For recombinant production of Acinetobacter HisH protein, several expression systems have proven effective, with E. coli-based systems being the most commonly employed. The pET expression system using E. coli BL21(DE3) strains typically yields high expression levels with proper folding of the HisH protein. When considering expression systems, researchers should note:
E. coli-based systems require optimization of induction conditions (IPTG concentration, temperature, and duration) to maximize soluble protein yield
Mammalian cell expression systems, while more complex, can provide properly folded protein with post-translational modifications when needed, similar to the high-yield expression system used for recombinant hemagglutinin protein production
Codon optimization based on the expression host is often necessary to improve expression levels
Co-expression with the HisF subunit may improve solubility and stability of the HisH protein
Investigating horizontal gene transfer (HGT) of hisH genes in Acinetobacter species requires a multi-faceted experimental approach:
Comparative genomic analysis: First, collect genomic data from multiple Acinetobacter species and perform sequence alignment of the hisH gene and surrounding regions. Look for incongruence between gene trees and species trees, which may indicate HGT events.
Recombination detection: Employ recombination detection algorithms such as the Ordered Painting algorithm used in studies of aminoglycoside nucleotidyltransferase genes . This approach helps identify potential recombination hotspots.
Experimental validation: Design PCR assays targeting the hisH region and flanking sequences to verify computational predictions. Include primers that span potential recombination junctions.
Population studies: Sample Acinetobacter from different environments to assess the natural distribution of hisH variants and potential correlation with ecological niches.
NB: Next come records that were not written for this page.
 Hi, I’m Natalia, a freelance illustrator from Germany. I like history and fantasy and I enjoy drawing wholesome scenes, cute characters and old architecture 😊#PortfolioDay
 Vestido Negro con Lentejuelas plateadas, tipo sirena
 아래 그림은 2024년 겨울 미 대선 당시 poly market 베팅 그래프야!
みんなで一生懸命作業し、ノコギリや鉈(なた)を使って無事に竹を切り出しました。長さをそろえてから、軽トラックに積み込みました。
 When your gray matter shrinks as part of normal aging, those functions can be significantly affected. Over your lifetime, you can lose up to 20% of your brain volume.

Phylogenetic analysis: Construct phylogenetic trees based on hisH sequences and compare with trees based on housekeeping genes or whole-genome phylogenies.
When analyzing results, pay particular attention to sequence regions with unusually high identity between distantly related species, as this can indicate recent HGT events, similar to the pattern observed with ant(3")-II genes in Acinetobacter, where 100% sequence identity was found in the transferred region while flanking regions showed only 74-84% identity .
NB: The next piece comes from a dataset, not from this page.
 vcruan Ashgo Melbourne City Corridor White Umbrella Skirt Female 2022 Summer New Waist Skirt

The interaction between HisH and HisF subunits in Acinetobacter involves specific structural elements that ensure proper assembly and function of the heterodimeric enzyme complex:
Interface composition: The interaction interface typically involves hydrophobic core residues surrounded by polar and charged amino acids that form hydrogen bonds and salt bridges between the subunits.
Conserved motifs: Key conserved motifs in HisH include the glutamine amidotransferase catalytic triad (Cys-His-Glu) that is essential for glutamine hydrolysis.
Allosteric communication: Structural studies are needed to identify the pathways of allosteric communication between the HisF active site (where PRFAR binding occurs) and the HisH active site (where glutamine is hydrolyzed).
Conformational changes: Upon substrate binding, conformational changes occur that synchronize the activities of both subunits.
To investigate these structural determinants experimentally:
Perform site-directed mutagenesis of interface residues to assess their contribution to complex stability and activity
Use X-ray crystallography or cryo-EM to determine the 3D structure of the complex
Apply hydrogen-deuterium exchange mass spectrometry to map dynamic interactions between the subunits
Employ molecular dynamics simulations to predict conformational changes upon substrate binding
The recombination frequency of hisH genes can be compared to antibiotic resistance genes in Acinetobacter species by analyzing their relative positions in genome-wide recombination rate distributions. Current research on antibiotic resistance genes in Acinetobacter provides a valuable comparative framework:
Relative recombination rates: Studies on aminoglycoside nucleotidyltransferase genes (ant(3")-II) have shown they are located in recombination hotspots. In A. baumannii, ant(3")-IIa ranked as the 126th most recombined gene out of 2282 genes, while across all Acinetobacter species carrying ant(3")-II genes, it ranked 17th out of 1694 genes . Similar analysis for hisH would determine its relative recombination frequency.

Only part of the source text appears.